As we know all too well, there’s a lot to consider when it comes to choosing and using health care benefits. The most important piece of becoming an informed health care consumer is ensuring you have access to — and understand — the benefits information you need to make smart health care choices. Here are five tips to keep in mind as you prepare for and participate in open enrollment.
1. Prepare for COVID-19 aftermath
As if dealing with the threat of the virus (or actually contracting it) wasn’t enough, consumers must consider the unexpected consequences. Quarantines, stay-at-home orders and business shutdowns have resulted in missed preventive care visits — including annual immunizations. For instance, many children will have missed their preschool vaccinations, which could result in an uptick in measles, mumps and rubella. If school is conducted virtually, the risk of catching one of these highly contagious diseases is somewhat reduced, though consumers should still proceed with caution as states reopen. In fact, with continued waves of COVID-19 expected well into the school season, you and your children may have to wait even longer to get vaccinations due to pent up demand and possible shortages.
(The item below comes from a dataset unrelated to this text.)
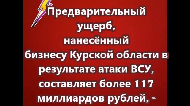 Предварительный ущерб, нанесённый бизнесу Курской области в результате атаки Вооружённых сил Украины, составляет более 117 миллиардов рублей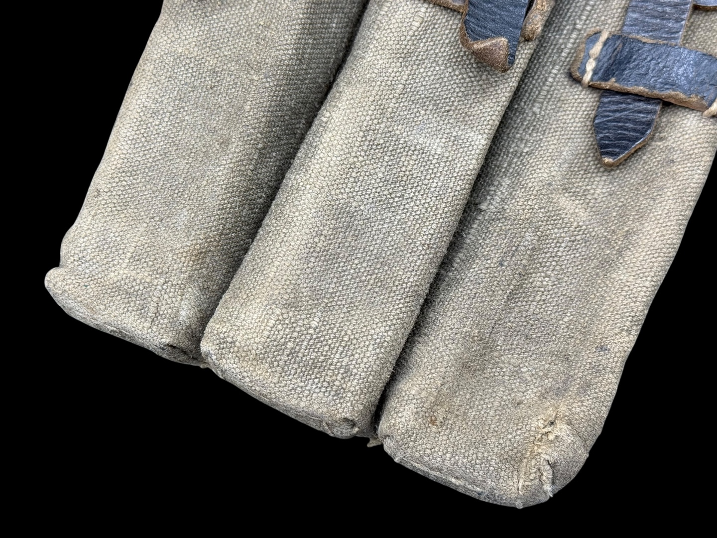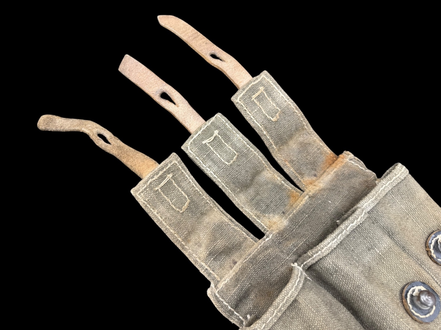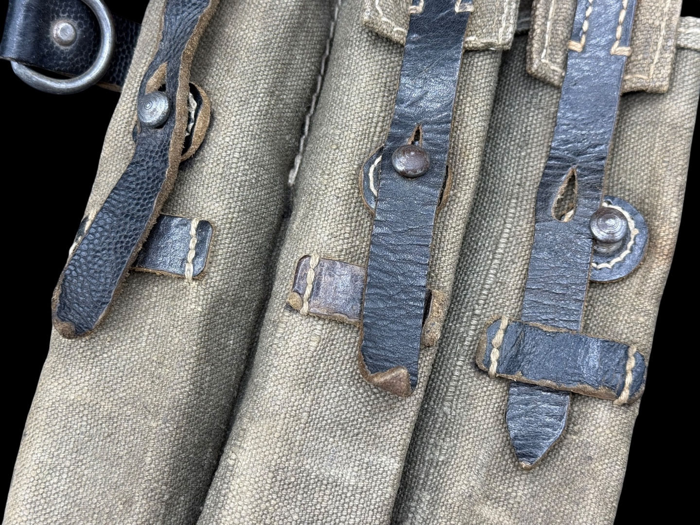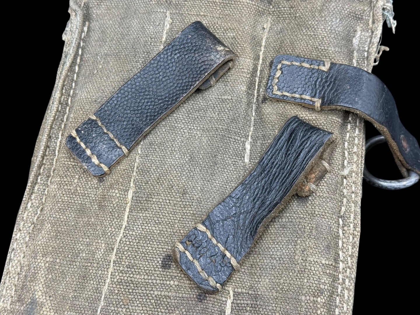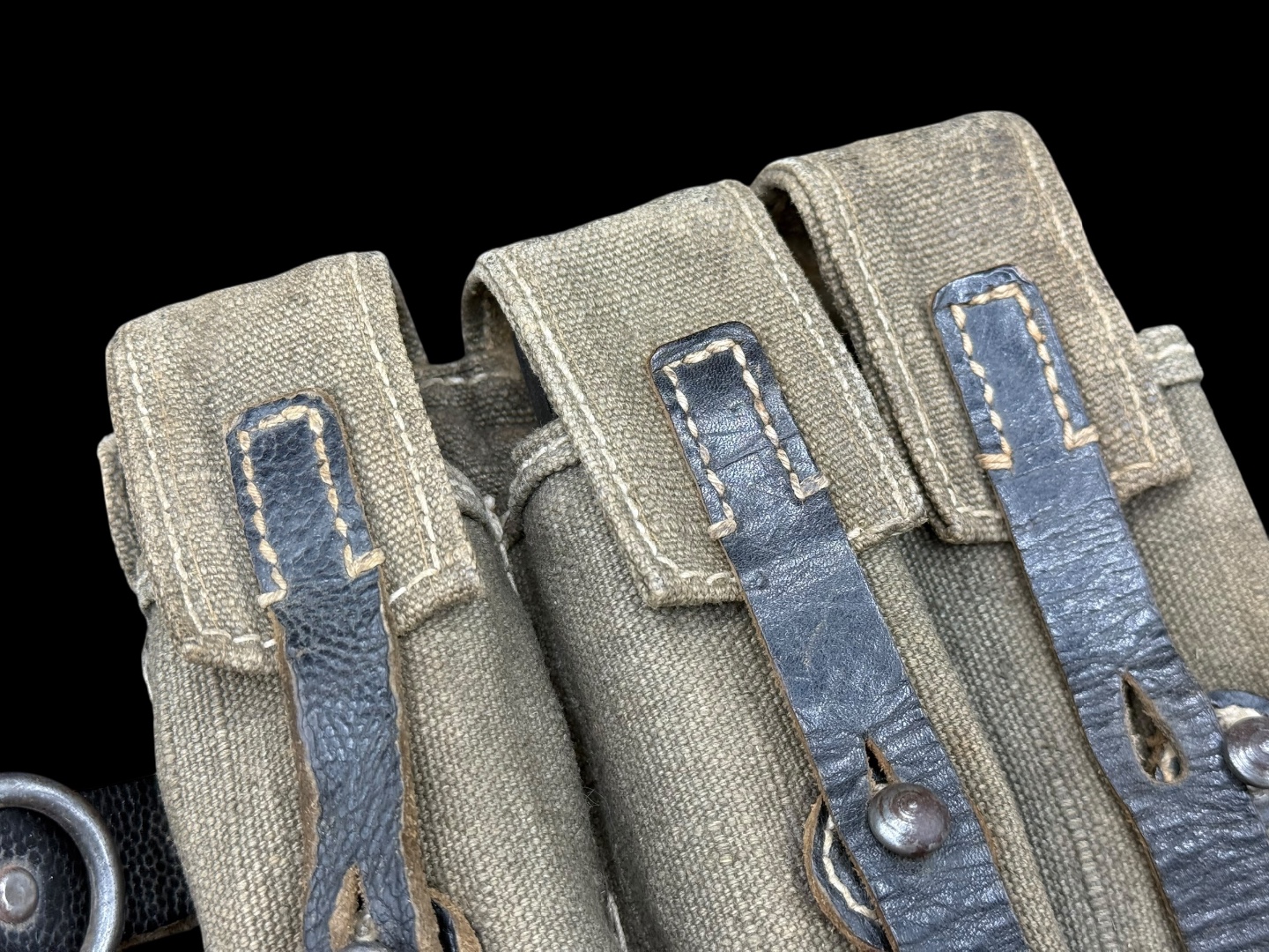 For sale is a 3-cell MP38/MP40 mag pouch in good condition, maker marked “ged” dated 1943. Canvas is clean and fully in tact, as are the leather straps while showing good amounts of use.

Don’t forget that preventive care is covered by most plans at 100% in-network regardless of where that care is received. Schedule your appointments as soon as possible (and permissible in their area), and research other venues for receiving care, such as pharmacies, retail clinics and urgent care facilities. Most are equipped to provide standard vaccinations and/or routine physicals.
Unfortunately, there are also the long-term implications of COVID-19 to consider. Research suggests that there are serious health impacts that emerge in survivors of COVID-19, such as the onset of diabetes and liver, heart and lung problems. And many who were able to ride out the virus at home are finding it’s taking months, not weeks, to fully recover. As a result, you should prepare for the possibility that you, or a loved one, may be ill and possibly out of work for an extended period of time. Be sure to evaluate all of the plans and programs your employer offers to ensure your family has the financial protections you need. For some, a richer health plan with a lower deductible, voluntary plans such as critical illness or hospital indemnity insurance, and buy-up life and disability insurance may be worth investigating for the first time.
2. Re-evaluate postponed elective procedures
Many employees or their family members have postponed or skipped elective procedures — either from fear of exposure to COVID-19 at hospitals and outpatient facilities, or because their hospitals and providers cancelled such procedures to conserve resources to treat COVID-19 patients. As a result, an estimated 28.4 million elective surgeries worldwide could be canceled or postponed in 2020 due to the virus.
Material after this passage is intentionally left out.